Scientists have demonstrated how it is possible to make large-scale graphene. One of the biggest problems with graphene, the world’s strongest, lightest and thinnest material, is making it big enough for it to have any serious potential. Researchers so far have been limited to using small flakes.
Scientists at the Department of Energy’s Oak Ridge National Laboratory (ORNL) say this small-scale barrier could be overcome using chemical vapour deposition – a chemical process for depositing thin films of various materials.
A research team led by Ivan Vlassiouk, who works at ORNL’s Energy and Transportation Science Division, has fabricated polymer composites containing 2-by-2-inch sheets of graphene, which consists of hexagonally arranged carbon atoms just one-atom thick.
ORNL’s super-strong material features layers of graphene and polymers.

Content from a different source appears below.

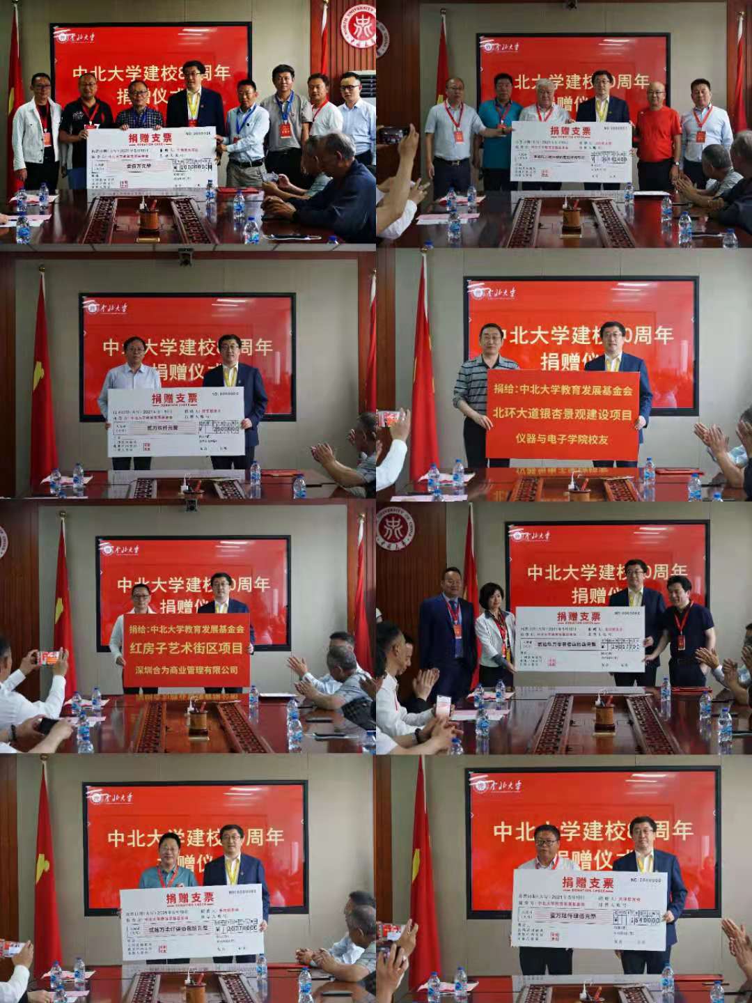 粤港澳大湾区校友会为我校校友科技大厦、中北大学历史文化群雕项目进行了捐赠;王永一校友为刘鼎文化园项目进行了捐赠;仪器与电子学院校友为北环大道银杏景观建设项目进行了捐赠;陈东辉校友为红房子艺术街区项目进行了捐赠;重庆校友会为东门广场音乐喷泉项目进行了捐赠;山西校友会为太机老校门复原景观项目进行了捐赠;山西晋中理工学院向学校捐赠100万元;北京、天津、上海、陕西、南京、福建、河南、湖南校友会分别向母校进行了捐赠。

It is an effective conductor of electricity. (Image: ornl.gov)
Graphene, a material 100 times stronger than steel, even stronger and stiffer than carbon fiber, has vast commercial potential, that is, if it can be made large enough.
Taking flexible electronics to a new level
Vlassiouk and colleagues wrote about their findings in the academic journal Applied Materials & Interfaces (citation below). They say their achievement could take flexible electronics to a new level and change how this reinforcing material is viewed and ultimately utilized.
“Before our work, superb mechanical properties of graphene were shown at a micro scale. We have extended this to a larger scale, which considerably extends the potential applications and market for graphene.”
While the majority of approaches for polymer nano-composition construction use minuscule flakes of graphene, or some other carbon nano-material, that are difficult to disperse in the *polymer, Vlassiouk and colleagues used comparatively huge sheets of graphene.
*Polymers consist of many, many molecules all strung together to form very long chains.
Using large-scale graphene eliminates flake dispersion and agglomeration problems, and allows it to conduct electricity better with less actual graphene in the polymer.
“In our case, we were able to use chemical vapor deposition to make a nano-composite laminate that is electrically conductive with graphene loading that is 50 times less compared to current state-of-the-art samples.”
This is a key to making graphene competitive on the market, the authors explained.
Graphene consists of a single layer of pure carbons laid out in a hexagonal lattice pattern.
Graphene has potential in several industries
If Vlassiouk and colleagues can lower the cost and demonstrate scalability (increase production rapidly while keeping down costs), they believe graphene could be used in several industries, including:
– Manufacturing: filtration, barrier coatings and catalysts.
– Energy: storage of energy, photovoltaics, and filtration.
– Aerospace: flame-retardants, conductive, anti-icing, and structural monitoring.
– Automotive: wear-resistant coatings and catalysts.
– Electronics: thermal management, printed electronics, and displays.
– Structural applications: temperature control materials and self-cleaning coatings.
Earlier this month, a team from the University of Trento in Italy sprayed spiders with graphene, which created webs strong enough to catch falling airplanes. Spider’s silk is the strongest natural substance on Earth.
By manipulating wrinkles, scientists in Japan believe graphene could be used to make semiconductors.
Citation: “Strong and Electrically Conductive Graphene-Based Composite Fibers and Laminates,” Ivan Vlassiouk, Georgios Polizos, Ryan Cooper, Ilia Ivanov, Jong Kahk Keum, Felix Paulauskas, Panos Datskos and Sergei Smirnov. Applied Materials & Interfaces. Published 28 April, 2018. DOI: 10.1021/acsami.5b01367.